# Fat In Sausage Question???



## tjohnson (Sep 15, 2012)

I'm making 2 batches of wieners tomorrow, and need to add extra fat to one of them

The recipe calls for extra pork fat to make a jucier dog

Can I substitute Beef Fat or is pork fat better for sausage making?

Will the sausage have a nasty texture because of the beef fat?

Does one have a benefit over the other, or is fat = fat

I just happened to have some extra beef fat thawed out and ready, but also have 1# packages of pork fat in the freezer if the beef fat wont work

THX in Advance!

Todd


----------



## diggingdogfarm (Sep 15, 2012)

There's nothing wrong with beef fat IMHO, it's rich and highly flavorful. 
Lebanon bologna or kosher beef franks & salami wouldn't be so good without lots of good beef fat.


~Martin


----------



## brican (Sep 15, 2012)

TJohnson said:


> I'm making 2 batches of wieners tomorrow, and need to add extra fat to one of them
> 
> The recipe calls for extra pork fat to make a jucier dog
> 
> ...


----------



## diggingdogfarm (Sep 15, 2012)

Ooooppss! What is wrong with me?

I forgot beef smokies and beef hot links!!!!!
Can't have good beef smokies or beef hot links without LOTS of tasty beef fat!!!!! :biggrin:

~Martin


----------



## boykjo (Sep 16, 2012)

I'm not getting it here guys.......Why would more fat make the hot dogs more jucier... If I add more fat to my cured sausage I have sausage with more fat.

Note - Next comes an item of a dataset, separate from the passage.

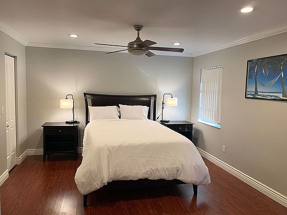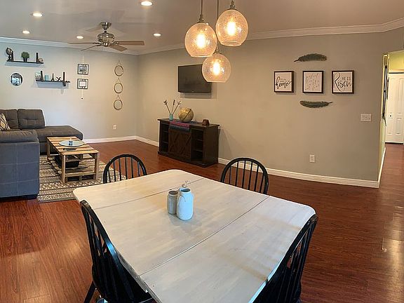 This updated townhome has some great and current features including crown moulding, laminate floors, large baseboard, under counter lighting in kitchen, and custom made barn door in guest room.

I would agree with adding more fat to fresh sausage to make it jucier.... what are your thoughts on this......

Joe


----------



## diggingdogfarm (Sep 16, 2012)

Extra juicy cured and smoked all-beef links, no phosphates or binders!!!!

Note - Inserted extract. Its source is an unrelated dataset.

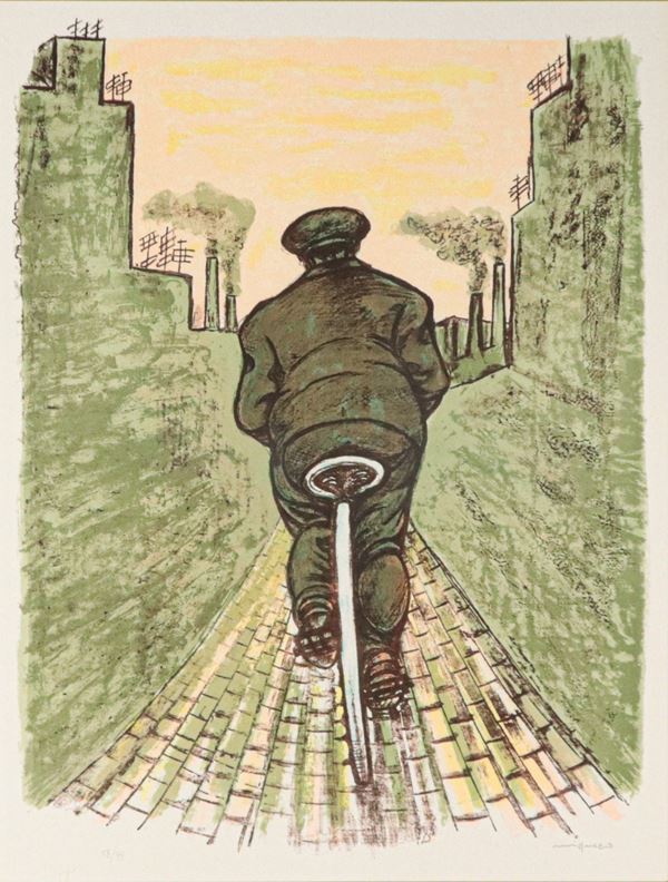 'Uomo in bicicletta', litografia a colori su carta, multiplo 18/99. Firmata. Cornice in legno argentato e passepartout

http://forum.sausagemaking.org/viewtopic.php?t=9454

~Martin


----------



## boykjo (Sep 16, 2012)

DiggingDogFarm said:


> Extra juicy cured and smoked all-beef links, no phosphates or binders!!!!
> 
> 
> 
> ...


Did you make these and if so what was the fat content.....


----------



## diggingdogfarm (Sep 16, 2012)

No, I didn't make that particular sausage, it was made by NCPaul, but I've used the same recipe many times, there was supposed to be a link to the thread on another forum below the pic, but for some reason It got screwed up when I posted.
Here's the link.....
http://forum.sausagemaking.org/viewtopic.php?t=9454

Not unlike other beef sausages that i make...as an example....
Fat content ~35%.

*Classic Texas All-Beef Hot Links*

1000g beef chuck 
420g fatty beef 
80g beef suet

15g minced garlic
5g coarsely ground black pepper
22g kosher salt 
4g crushed red pepper flakes (or to taste)
2.5g Cure#1
4g white sugar (optional)
80g ice water

Cube meat and add all ingredients except water.
Hold in fridge for 48 hours.
Grind twice through 3/8" plate.
Add water and mix until sticky.
Stuff into hog casings and form 6" links.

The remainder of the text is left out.